- What to do
Word for word, print out all of the data, omitting every image.

- Source data

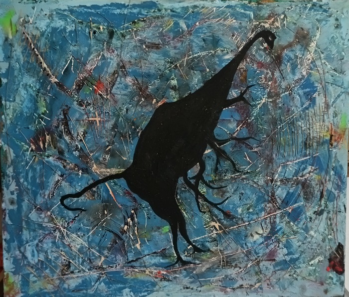 Στις πολυεπίπεδες και πολυχωρικές ζωγραφικές του παραστάσεις που απλώνονται επάνω σε ευρεθείσες ξύλινες επιφάνειες (π.χ. πεταμένες πόρτες σπιτιών), εξελίσσεται ο περιπατητικός ρεμβασμός του λυρισμού ενάντια στην αψυχία του κόσμου ως πράξη αντίστασης στη θετικιστική πτώση, ως επανασύνδεση με τον διαχρονικό Εαυτό, ως φούντωμα της ποιητικής υγείας μέσα στην περιρρέουσα ασθένεια του συναισθήματος. Εδώ, η ποίηση συναντά το πινέλο σε μια αστρική χωροθεσία, όπου τα απολεσθέντα γίνονται ευρεθέντα και η βαρύτητα μεταμορφώνεται τώρα σε πτήση. Ο Σαμσών Ρακάς προσκαλεί τους πλάνητες της ψυχής να βυθιστούν σε αυτή την εικαστική εκμυστήρευση.
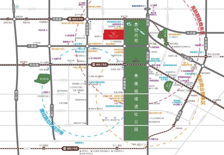 太和时代广场紧邻地铁3号线、5号线(人才专线)、8号线(西安市环线),形成颇具带动力与辐射力的便捷立体式交通路网。
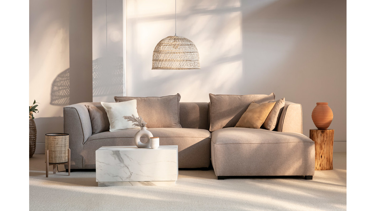 Ce canapé d'angle beige naturel se compose de deux éléments indépendants : un module d'angle gauche et une méridienne d'angle droit. Conçus pour s'assembler et former un grand canapé d'angle moderne 3-4 places. Ces sièges accueillants s'imaginent également séparés pour s'adapter à vos besoins. Assises fermes (densité 28 kg/m³) et dossiers moelleux (densité 17 kg/m³) s'habillent de coussins d'appoint, de quoi offrir à ce canapé d'angle beige naturel un confort d'assise des plus agréables.

- Answer below
 Στις πολυεπίπεδες και πολυχωρικές ζωγραφικές του παραστάσεις που απλώνονται επάνω σε ευρεθείσες ξύλινες επιφάνειες (π.χ. πεταμένες πόρτες σπιτιών), εξελίσσεται ο περιπατητικός ρεμβασμός του λυρισμού ενάντια στην αψυχία του κόσμου ως πράξη αντίστασης στη θετικιστική πτώση, ως επανασύνδεση με τον διαχρονικό Εαυτό, ως φούντωμα της ποιητικής υγείας μέσα στην περιρρέουσα ασθένεια του συναισθήματος. Εδώ, η ποίηση συναντά το πινέλο σε μια αστρική χωροθεσία, όπου τα απολεσθέντα γίνονται ευρεθέντα και η βαρύτητα μεταμορφώνεται τώρα σε πτήση. Ο Σαμσών Ρακάς προσκαλεί τους πλάνητες της ψυχής να βυθιστούν σε αυτή την εικαστική εκμυστήρευση.
 太和时代广场紧邻地铁3号线、5号线(人才专线)、8号线(西安市环线),形成颇具带动力与辐射力的便捷立体式交通路网。
 Ce canapé d'angle beige naturel se compose de deux éléments indépendants : un module d'angle gauche et une méridienne d'angle droit. Conçus pour s'assembler et former un grand canapé d'angle moderne 3-4 places. Ces sièges accueillants s'imaginent également séparés pour s'adapter à vos besoins. Assises fermes (densité 28 kg/m³) et dossiers moelleux (densité 17 kg/m³) s'habillent de coussins d'appoint, de quoi offrir à ce canapé d'angle beige naturel un confort d'assise des plus agréables.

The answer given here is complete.